I was just wondering abou the significance of the thread block size while running a kernal on the graphic card using CUDA.
I we have a bigger block size, there are higher number of threads running concurrently in a block than if we have a smaller block size. What difference does it make since there is a limit to the warp size of a block anyway?
While we are at it, how does the grid dimension influence the kernal execution?
I tried playing with different values of block size and grid size and measured the time for execution in each case. But I tried on computationally less intensive programs. As a result I could not find much variation for the different cases.
I’m also not sure how the shared memory gets affected by the number of threads in a block since all of them have the same shared memory.
As for your question, I’m not really sure which option is better, but I guess it must have something to do with memory considerations… :wacko:
To get maximum performance – you have to run multiple threads – so that latencies are hidden.
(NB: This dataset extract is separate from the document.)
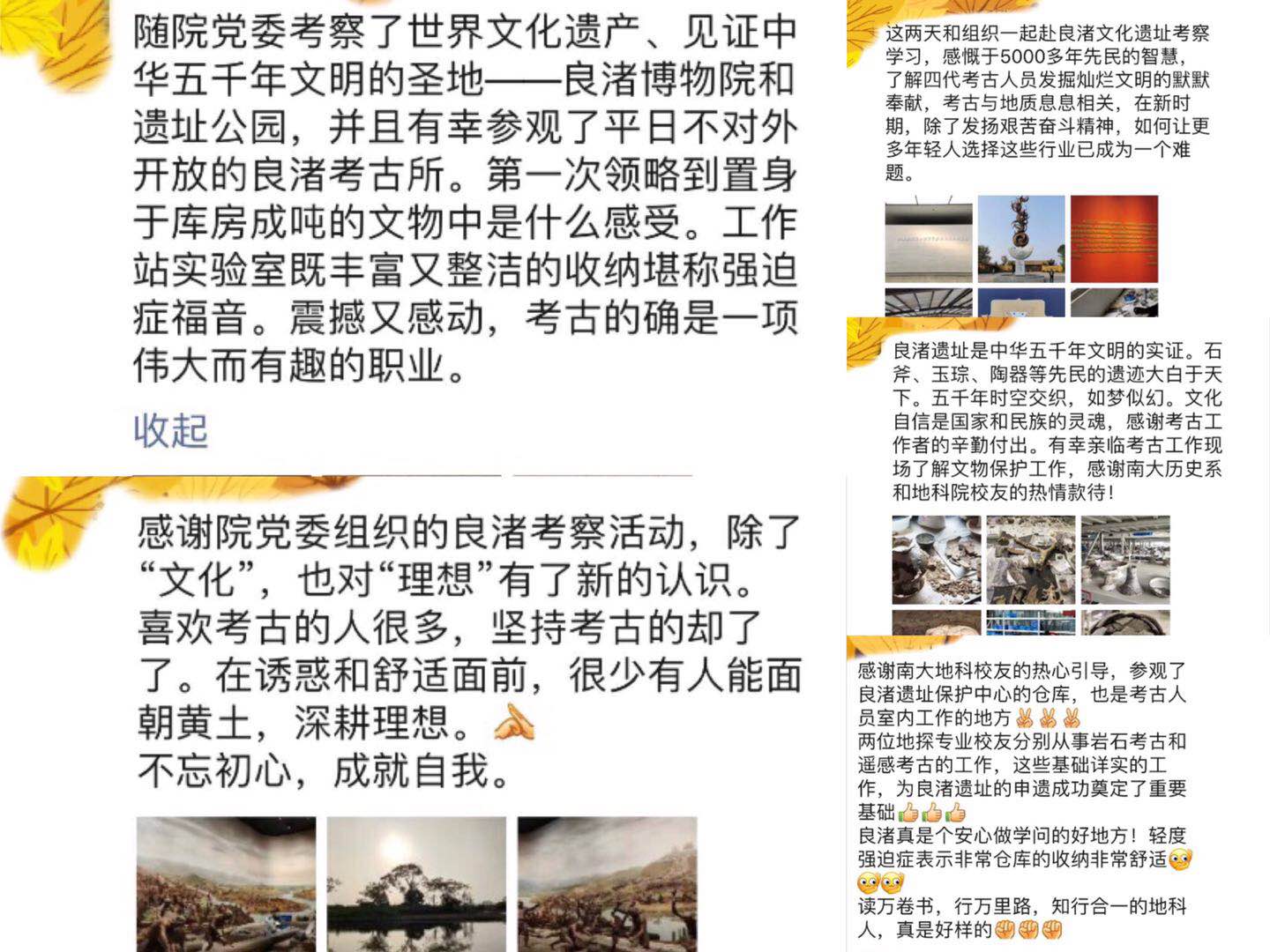 从习总书记一句“良渚遗址是证实中华五千年文明史的圣地,是不可多得的宝贵财富,我们必须把它保护好”,到良渚古城正式申遗成功,其间有太多考古工作人员以及跨学科研究人员的努力。此次考察学习让每位党员同志都切身体会到中华民族上溯五千年就已经展现出的凝聚力和匠人精神,古人不仅克服恶劣的自然环境并择优而用在沼泽之上建立起宜居的新家园,还在纯人力劳动下创造出当下机器都难以复刻的精美艺术品,这样的璀璨遗宝是中国的文化宝库,也是世界的文化宝库。本次考察还深刻体会到科技考古中学科交叉的重要性,更加感受到习总书记关于“考古学界要会同经济、法律、政治、文化、社会、生态、科技、医学等领域研究人员,做好出土文物和遗址的研究阐释工作,把我国文明起源和发展以及对人类的重大贡献更加清晰、更加全面地呈现出来,更好发挥以史育人作用”的重要性,更加坚定“四个自信”和落实立德树人根本任务的责任。

This multiple threads running simultaneously can be acheived in two ways:
Run one single block with many threads as possible.
Run multiple blocks each having less threads
When I say single, multiple – I am talking about CUDA occupancy here i.e. the number of blocks that can simultaneously run on a single multiprocessor and NOT about the number of blocks you spawn for your kernel.
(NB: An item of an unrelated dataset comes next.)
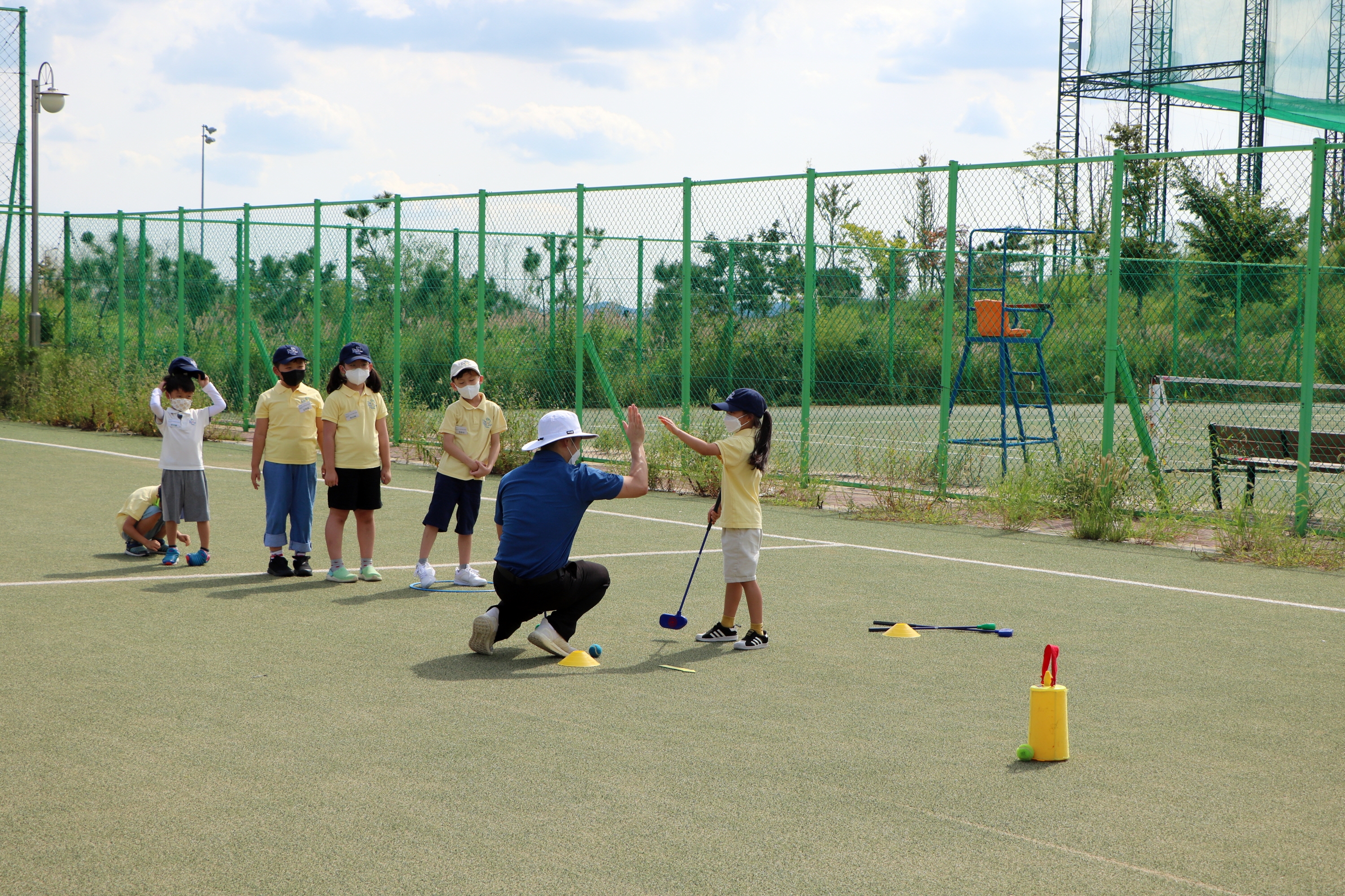 목표물에 공을 붙인 뒤 코치님과 하이파이브를 하는 교육생 모습

This has been discussed many timse in this forum. Kindly perform a search.
As far as I am concerned, I have seen good performance with just 32-threads per block and by using multiple blocks per multiprocessor (occupancy)
I have posted about this before. These are what I do.
32 threads per block
I never use syncthreads()
I never use double-buffering (so my shared mem footprint is less)
I usually try to run atleast 6 active blocks per multiprocessor. (192 threads are needed to hide register latencies anyway)
The only disadvantage is that the number of registers is used per blocks is 64NUM_REGISTERS_PER_THREAD instead of 32NUM_REGISTERS_PER_THREAD. So, if your register count is big – this can affect your occupancy and any occupancy less than 6 blocks is bound to be slow for this configuration.
The best thing you can do is to write your kernel to work for any blockDim and then benchmark it for all block dimensions that are multiples of 32. Pick the fastest size for your production application. Different kernels will have different optimal block sizes. For example: Sarnath’s code is optimal at 32 threads per block, while many of my kernels have a 100% performance penalty at that size compared to the optimal at 448. As the block size sweeps through from 64 to 448, performance dips up and down ~50%.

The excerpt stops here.